== DATASET SECTION ==
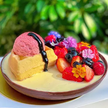 跟大家玩个游戏🤫,你觉得它是蛋糕,还是窝夫呢😳?!帝京酒店的鬼马蛋糕一向相当有名,卖相有趣,造型细致,像真度高,是打卡必备的呀📸~这个「 鬼马朱古力窝夫蛋糕🎂 $480/磅 」,与一般在咖啡店吃的窝夫一模一样🤣,差点被它骗了。蛋糕由朱古力海绵蛋糕、红桑子慕丝、红桑子果冻、红桑子酱和白朱古力慕丝组成,甜中带点酸,加上大量水果,吃多一块也不怕腻哦😏。查看更多
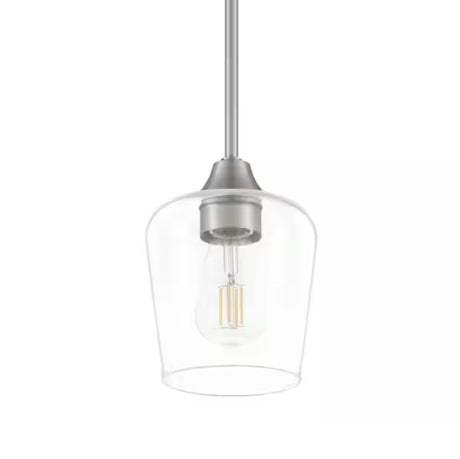 $395.00Unit price /UnavailableVery low stock (1 unit)Mullins 6.75 in. 1-Light Brushed Nickel Mini Pendant with Clear Glass Shade
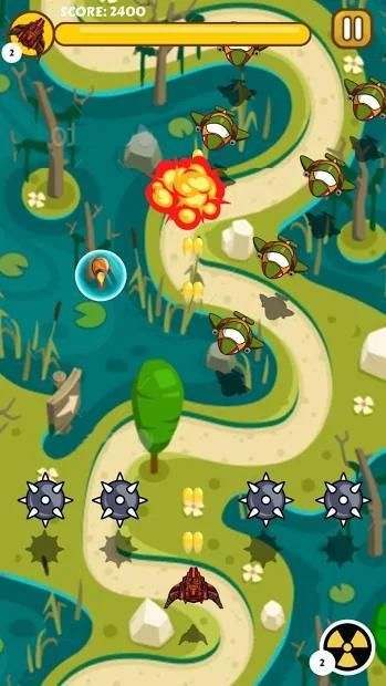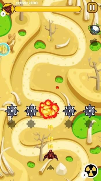 दुश्मन के विमानों की लहरों के माध्यम से अपना रास्ता शूट करने के लिए विमान को नियंत्रित करें। ऐसा करने के दौरान अपने हमलों और पिकअप पावर अप और बंदूक उन्नयन को चकमा दें। उच्च स्तर पर आगे बढ़ें।
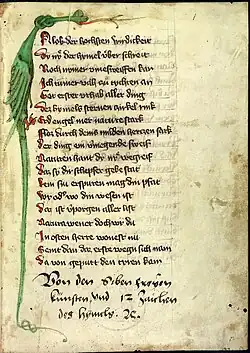 - ↑ Die Angaben in diesem Abschnitt folgen, wenn nicht anders vermerkt, der Beschreibung von Karin Zimmermann: Cod. Pal. germ. 14. In: Die Codices Palatini germanici in der Universitätsbibliothek Heidelberg (Cod. Pal. germ. 1–181). Wiesbaden 2003, S. 38 (Digitalisat; abgerufen am 22. März 2020).

== PROBLEM ==
Return the opening line of the data above and every line after it up to and including the line that holds "दुश्मन के विमानों"; pictures stay out.

== RESPONSE TO THIS TASK ==
 跟大家玩个游戏🤫,你觉得它是蛋糕,还是窝夫呢😳?!帝京酒店的鬼马蛋糕一向相当有名,卖相有趣,造型细致,像真度高,是打卡必备的呀📸~这个「 鬼马朱古力窝夫蛋糕🎂 $480/磅 」,与一般在咖啡店吃的窝夫一模一样🤣,差点被它骗了。蛋糕由朱古力海绵蛋糕、红桑子慕丝、红桑子果冻、红桑子酱和白朱古力慕丝组成,甜中带点酸,加上大量水果,吃多一块也不怕腻哦😏。查看更多
 $395.00Unit price /UnavailableVery low stock (1 unit)Mullins 6.75 in. 1-Light Brushed Nickel Mini Pendant with Clear Glass Shade
 दुश्मन के विमानों की लहरों के माध्यम से अपना रास्ता शूट करने के लिए विमान को नियंत्रित करें। ऐसा करने के दौरान अपने हमलों और पिकअप पावर अप और बंदूक उन्नयन को चकमा दें। उच्च स्तर पर आगे बढ़ें।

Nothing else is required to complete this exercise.